The Dream Hotel
- Author: Laila Lalami
- Publisher: Pantheon Books
- Publication date: March 4, 2025
- Pages: 336
- ISBN: 978-0-593-31760-0

= The Dream Hotel =

2025 novel by Laila Lalami

The Dream Hotel is a 2025 literary science fiction novel by Laila Lalami. It received positive reception from critics.

== Plot ==
Sara Hussein is a Moroccan American woman who, upon her return from a trip to the United Kingdom, is detained by a government agency tasked with determining citizens' propensity to committing crimes. She is detained in what starts as a temporary arrangement but, through bureaucratic hiccups and intentional mismanagement, begins to seem more and more permanent.

== Development history ==

=== Publication history ===
The Dream Hotel was published in the United States on March 4, 2025, by Pantheon Books. It was published in the United Kingdom by Bloomsbury Publishing.

== Reception ==
The book received mostly positive reviews from critics. Kirkus Reviews was positive, drawing comparisons to Margaret Atwood's novel The Handmaid's Tale. In a starred review, Publishers Weekly described the book as "chillingly original" and "all too plausible." Francine Prose wrote a positive review for The Washington Post, praising the novel's plot and relevance to modern politics. Vulture was also positive, drawing specific attention to the book's symbolism but mildly criticizing the abruptness of the ending.

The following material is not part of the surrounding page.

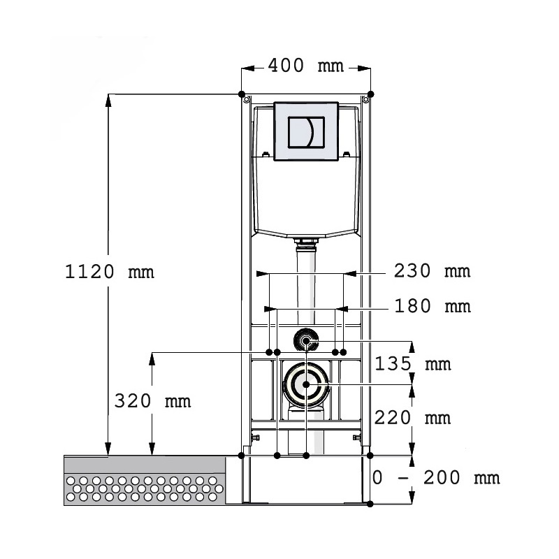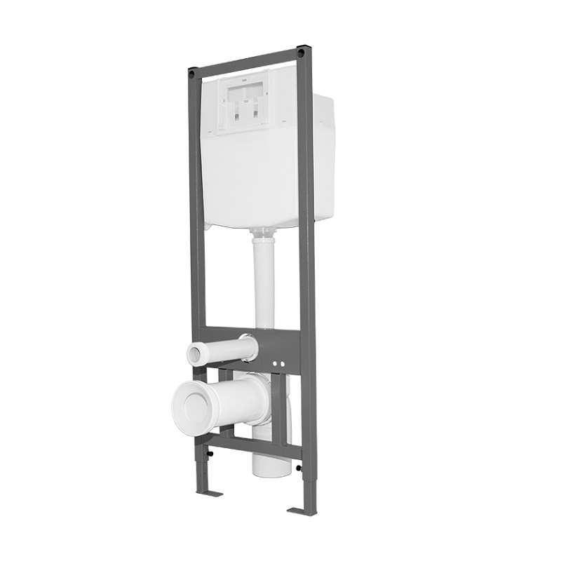 - Наличие 2 пар отверстий с межосевым расстоянием 180 или 230 мм и регулировка высоты рамы (от 1100 до 1250 мм) дает возможность монтажа практически всех видов подвесных унитазов

Mark O'Connell, writing in The New York Times, praised the book's originality but criticized the writing for being politically unsubtle and the plot for being repetitive. In a review written for The Guardian, Daisy Hildyard described the novel as inducing "a sense of powerlessness and frustration" and praised the book's tension. The Los Angeles Times noted that the novel did not rely on "speculative technology" and was instead a character-driven book, while positive reviews were also published in the Associated Press and NPR.

The Dream Hotel was shortlisted for the Edgar Allan Poe Award for Best Novel in 2026. It was also nominated for the 2026 Arthur C. Clarke Award.